In Canada, three activists have been arrested after they forced pipeline giant Enbridge to shut down one of its major oil pipelines by locking themselves to equipment at a valve site on Monday. The pipeline transports more than 12 million gallons of Alberta tar sands and Bakken crude oil to refineries in the east coast every day. The pipeline has long been opposed by First Nations and environmental activists, who are concerned about spills and the impact of continued fossil fuel extraction on climate change.
In Burkina Faso, authorities have charged a general with complicity in the assassination of President Thomas Sankara nearly three decades ago. Dubbed “Africa’s Che Guevara,” Sankara was killed in a military coup in 1987. General Gilbert Diendéré has now become the most senior official charged in Sankara’s death. He is already in prison after leading another coup which failed in September.
And indigenous activist, poet and actor John Trudell has died in California at the age of 69. Trudell was the spokesman of the American Indian Movement during the 1969 occupation of Alcatraz Island in the San Francisco Bay, where he set up a radio broadcast called Radio Free Alcatraz. He later served as the head of the American Indian Movement for most of the 1970s. Trudell was also a poet and musician. This is John Trudell speaking in New York City in 1979 from the 2005 documentary “Trudell.”

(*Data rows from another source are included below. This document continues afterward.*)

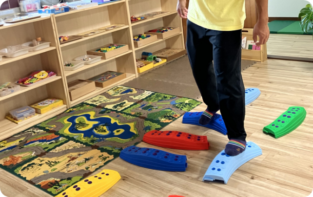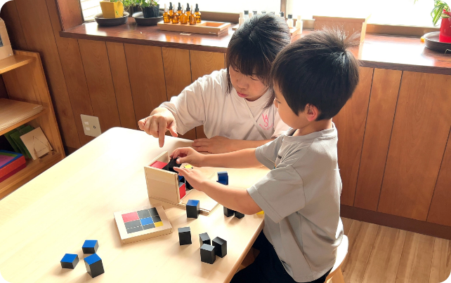 考え抜かれたモンテッソーリ教具を使って、子どもは自分で五感(視覚、聴覚、触覚、味覚、嗅覚)を働かせ遊びます。子どもの自主性「やってみたい」を引き出し、成功体験「できた」「楽しい」に繋げていきます。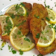 In another skillet add 1 tbsp of butter and then the lemon juice, wine, lemon halves, salt, and pepper. Bring this to a boil and then let reduce for 3-4 minutes. Once reduced, remove from heat and whisk in the other 2 tbsp of butter. Remove the chicken from the oven and serve each breast with a few spoonfuls of the sauce, lemons and fresh chopped parsley.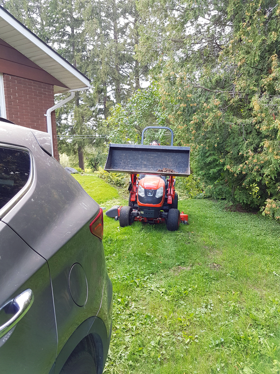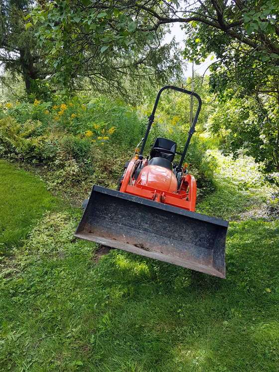 1. This whole operation will be dramatically aided by level ground (which does not exist at the farm). So, step 1: park the tractor on level ground… or at least the levelest ground you can find.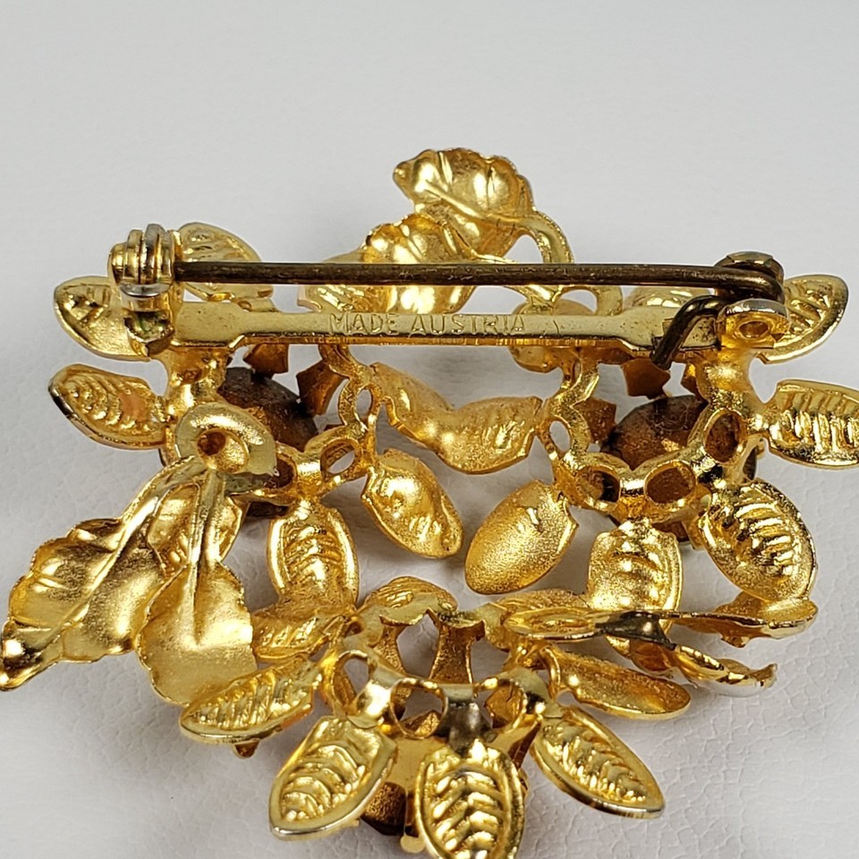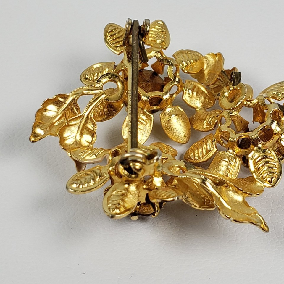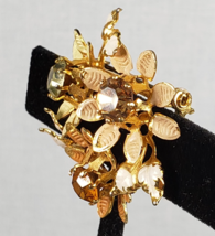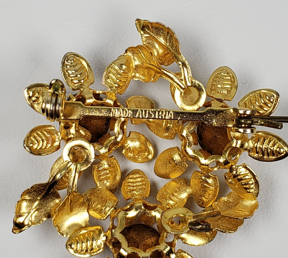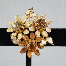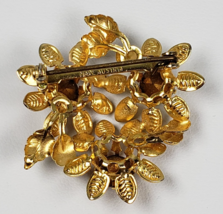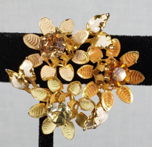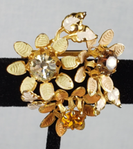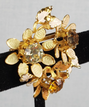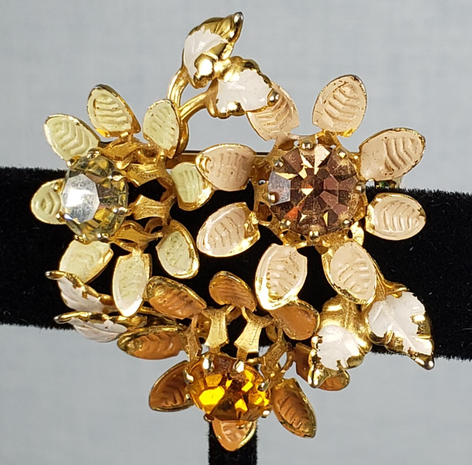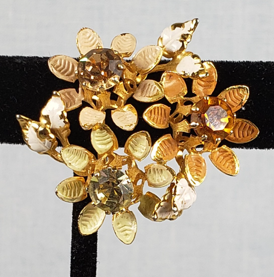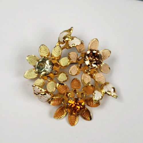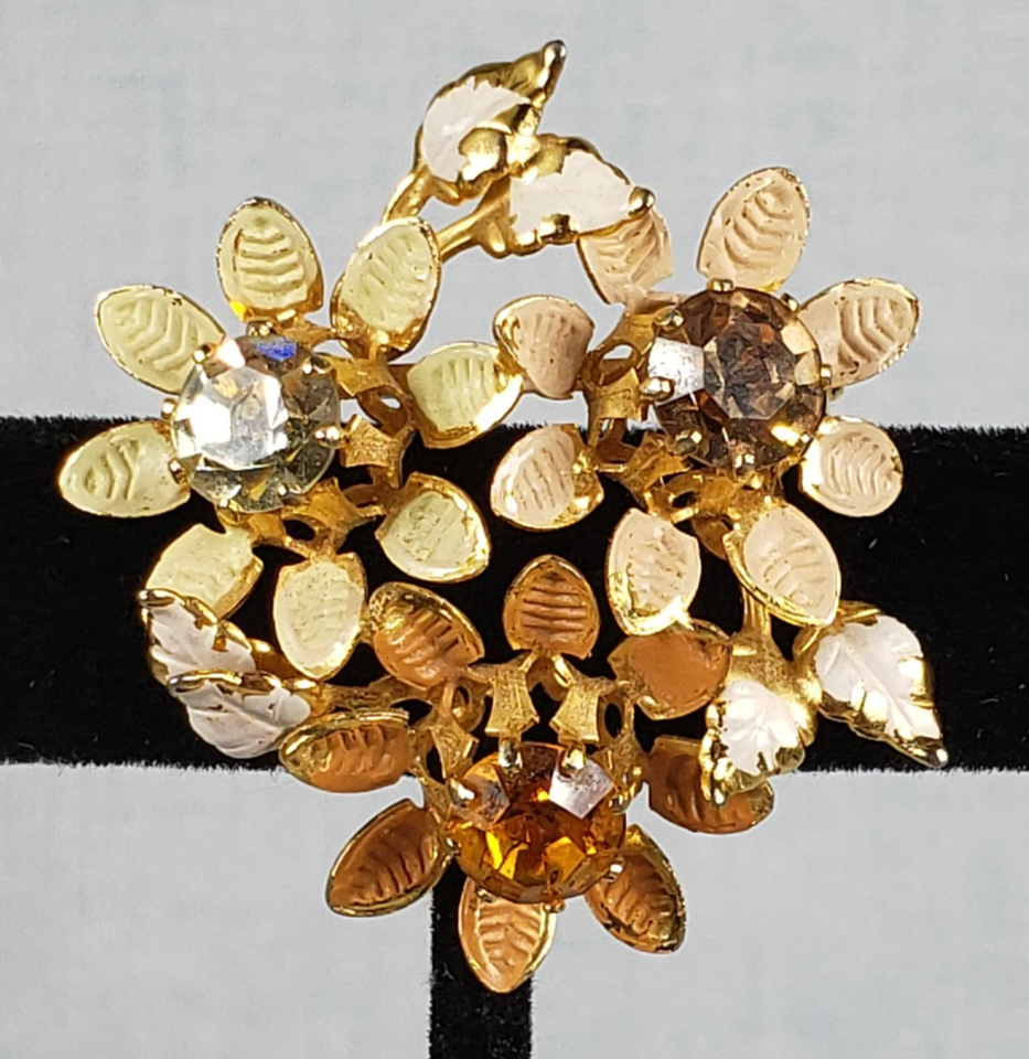 Vintage Mid Century Enamel Amber Blue Purple Rhinestone Gold Tone Floral Bouquet Brooch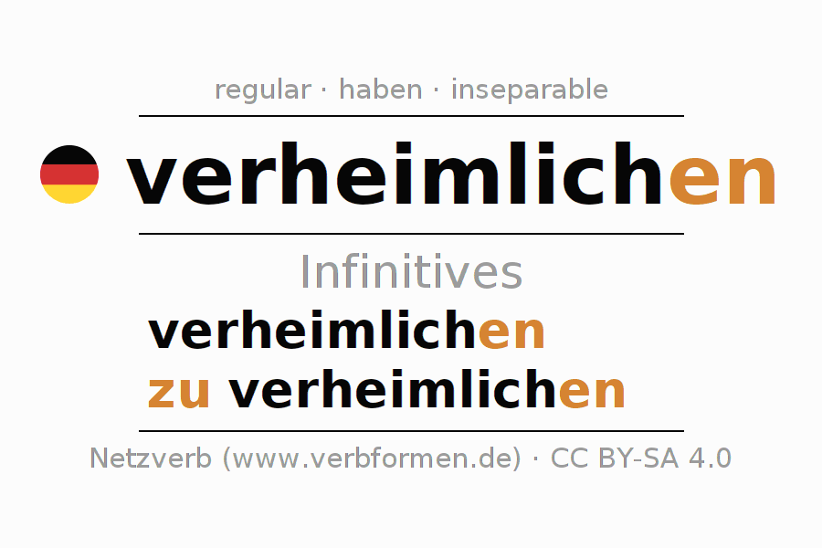 The infinitives of verheimlichen (hide, keep secret) are: verheimlichen, zu verheimlichen. The ending -en is appended to the verb stem heimlich. When forming the infinitive with zu, the "zu" is prepended to the verb, since it has no separable first parts. The formation of the forms corresponds to the grammatical rules for the conjugation of verbs in the infinitive. Comments ☆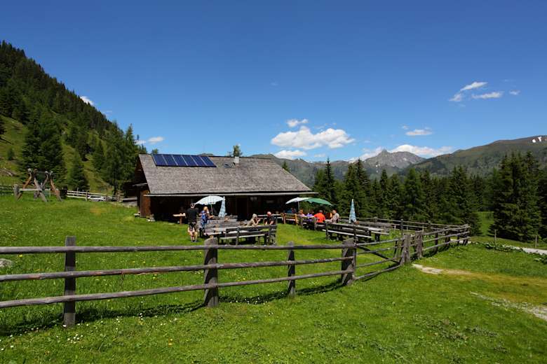 Wanderer mit Kinderwägen und Mountainbiker nutzen vom Bauernhof Oberneureit bei Hüttschlag im Großarltal den Forstweg, der in angenehm sanfter Steigung direkt zur Alm führt. Wanderer können hingegen auf einen Steig abzweigen, der durch den Wald aufwärts zur Alm führt.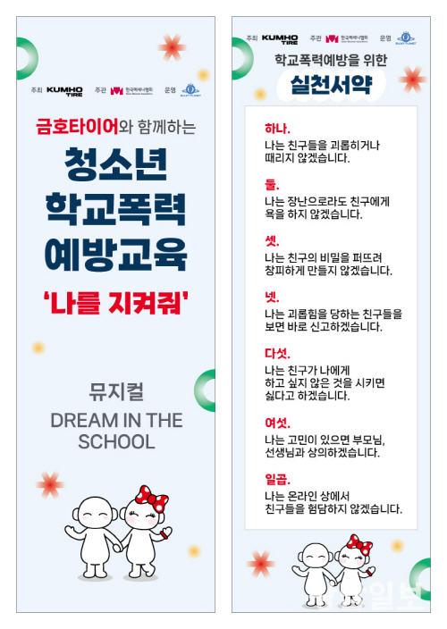 금호타이어의 ‘나를 지켜줘’ 활동은 아동, 청소년을 위한 교통안전 교육과 학교폭력 예방교육을 예술과 접목시킨 프로그램으로, 학생들의 올바른 사고력과 위험상황 대응력을 제고하기 위해 2020년부터 금호타이어와 한국메세나협회가 함께 추진하고 있다.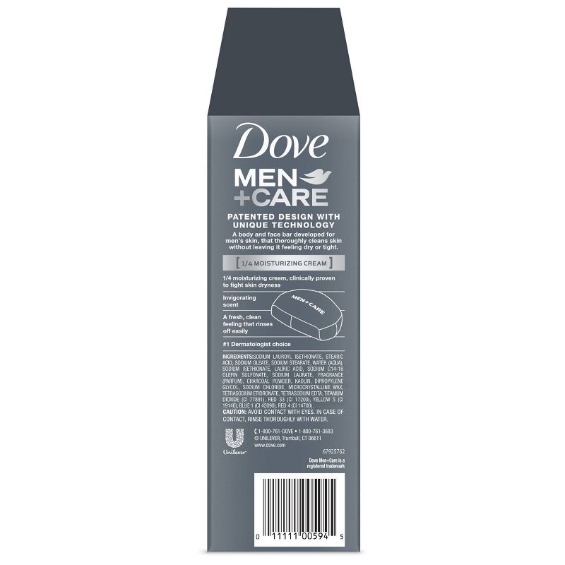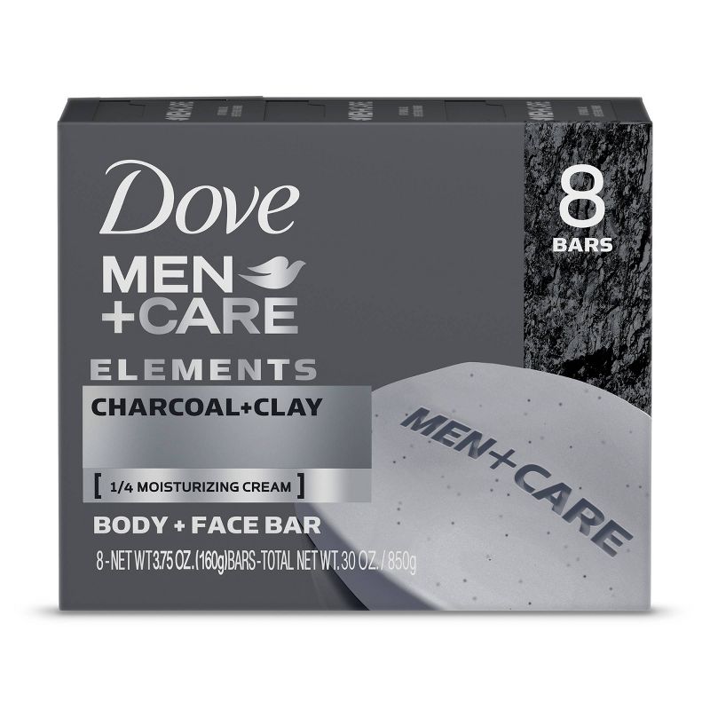 Dove Men+Care Body and Face Bar is a smart addition to your everyday assortment of shower products. Designed to wash body and face, this handy 2-in-1 bath soap lets you cut down on the number of products you need to get a great head to toe clean. Inspired by natural purifiers charcoal and clay, this bath and body bar combines deep cleansing performance with the benefits of Dove's 1/4 moisturizing cream — for clean, hydrated skin that lasts beyond the shower.

John Trudell: “I’m a member of the American Indian Movement, and I’m from the indigenous nations of the Western Hemisphere. As the indigenous people, we have watched. We have watched this thing happen on our hemisphere. We have seen what has happened. We have seen the community confused and attacked. We understand that the issue is the land, the issue is the earth. We cannot change the political system, we cannot change the economic system, we cannot change the social system, until the people control the land, and then we take it out of the hands of that sick minority that chooses to pervert the meaning and the intention of humanity.”